**** Given data

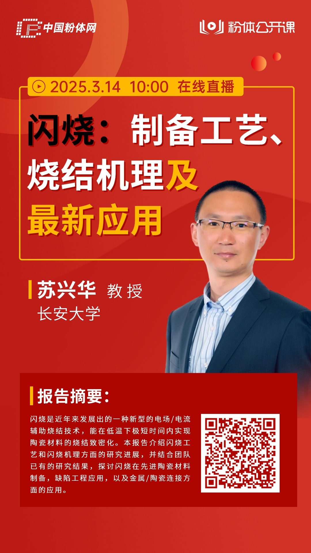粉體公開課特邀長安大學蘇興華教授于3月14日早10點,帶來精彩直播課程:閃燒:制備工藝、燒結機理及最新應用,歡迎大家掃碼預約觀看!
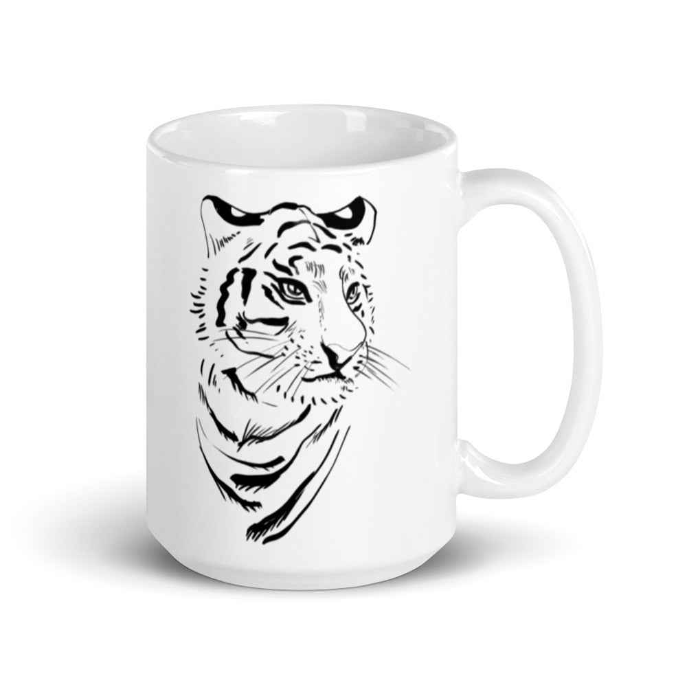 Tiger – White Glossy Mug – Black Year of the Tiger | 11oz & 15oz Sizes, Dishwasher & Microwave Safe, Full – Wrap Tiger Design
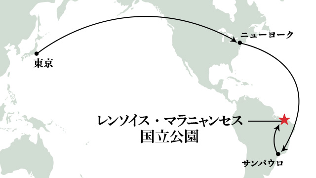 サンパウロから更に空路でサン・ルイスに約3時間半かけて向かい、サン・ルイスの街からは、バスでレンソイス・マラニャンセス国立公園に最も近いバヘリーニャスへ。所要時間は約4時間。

********

Your goal: With the pictures omitted, reproduce the data above exactly.

Finished task:
粉體公開課特邀長安大學蘇興華教授于3月14日早10點,帶來精彩直播課程:閃燒:制備工藝、燒結機理及最新應用,歡迎大家掃碼預約觀看!
 Tiger – White Glossy Mug – Black Year of the Tiger | 11oz & 15oz Sizes, Dishwasher & Microwave Safe, Full – Wrap Tiger Design
 サンパウロから更に空路でサン・ルイスに約3時間半かけて向かい、サン・ルイスの街からは、バスでレンソイス・マラニャンセス国立公園に最も近いバヘリーニャスへ。所要時間は約4時間。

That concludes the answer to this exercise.